• **Task item**: With pictures omitted, restate the data word for word.

• **Data extract**:
[Start of section]

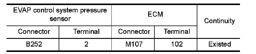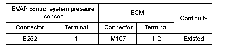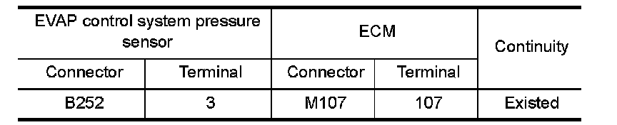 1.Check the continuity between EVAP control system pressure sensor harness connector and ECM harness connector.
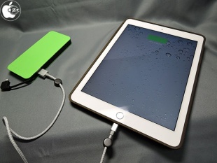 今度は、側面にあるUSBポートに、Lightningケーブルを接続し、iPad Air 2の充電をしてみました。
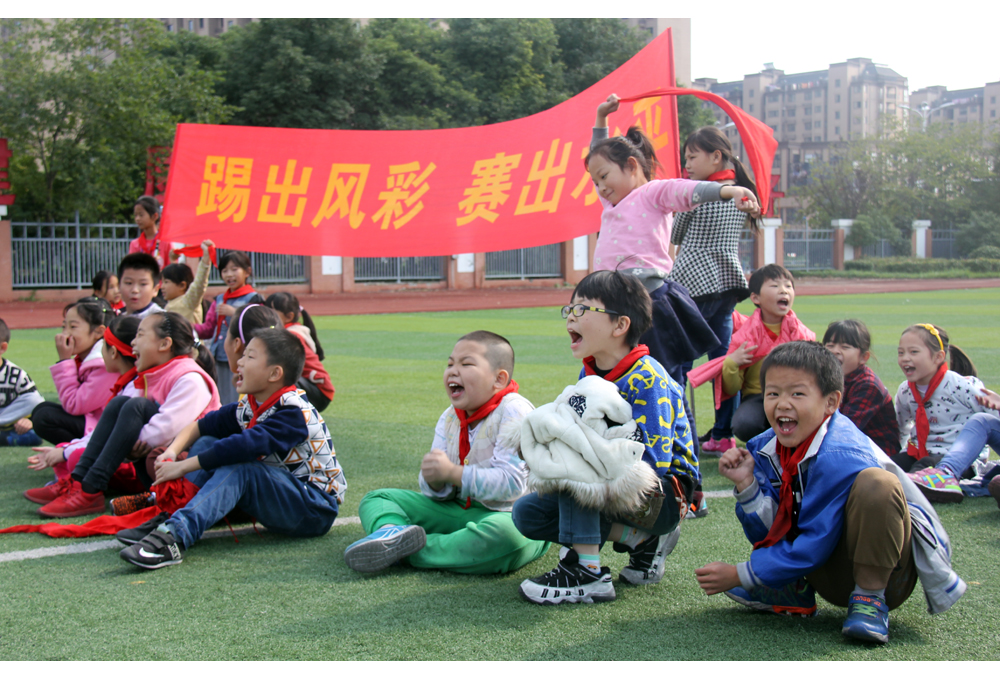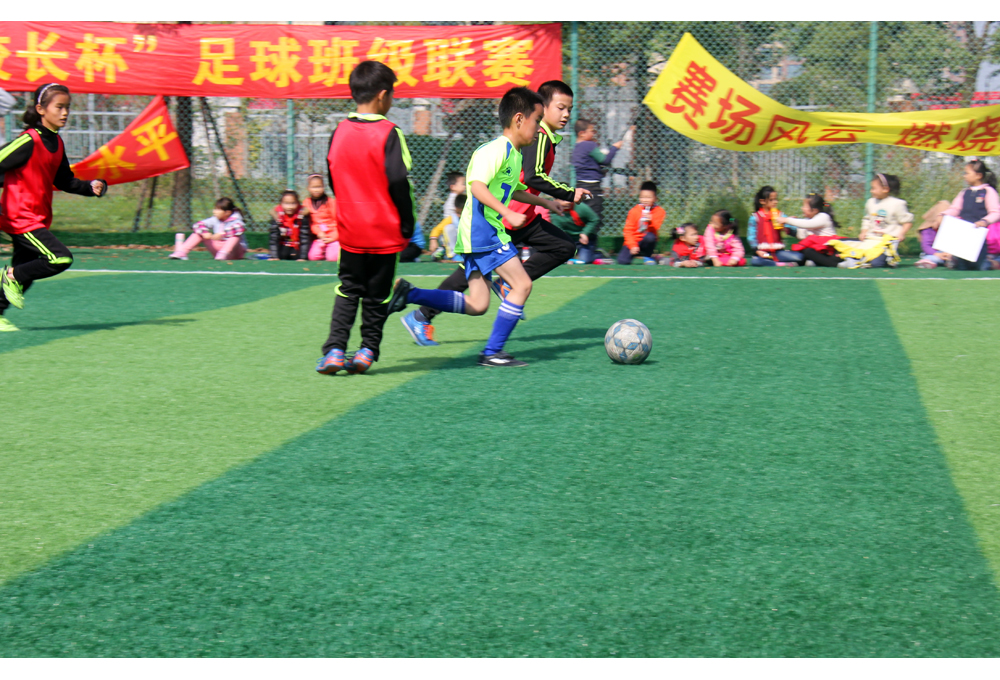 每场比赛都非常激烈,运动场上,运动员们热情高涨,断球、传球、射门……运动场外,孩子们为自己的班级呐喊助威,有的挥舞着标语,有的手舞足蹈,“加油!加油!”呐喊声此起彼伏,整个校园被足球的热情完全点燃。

[End of section]

• **Written solution**:
 1.Check the continuity between EVAP control system pressure sensor harness connector and ECM harness connector.
 今度は、側面にあるUSBポートに、Lightningケーブルを接続し、iPad Air 2の充電をしてみました。
 每场比赛都非常激烈,运动场上,运动员们热情高涨,断球、传球、射门……运动场外,孩子们为自己的班级呐喊助威,有的挥舞着标语,有的手舞足蹈,“加油!加油!”呐喊声此起彼伏,整个校园被足球的热情完全点燃。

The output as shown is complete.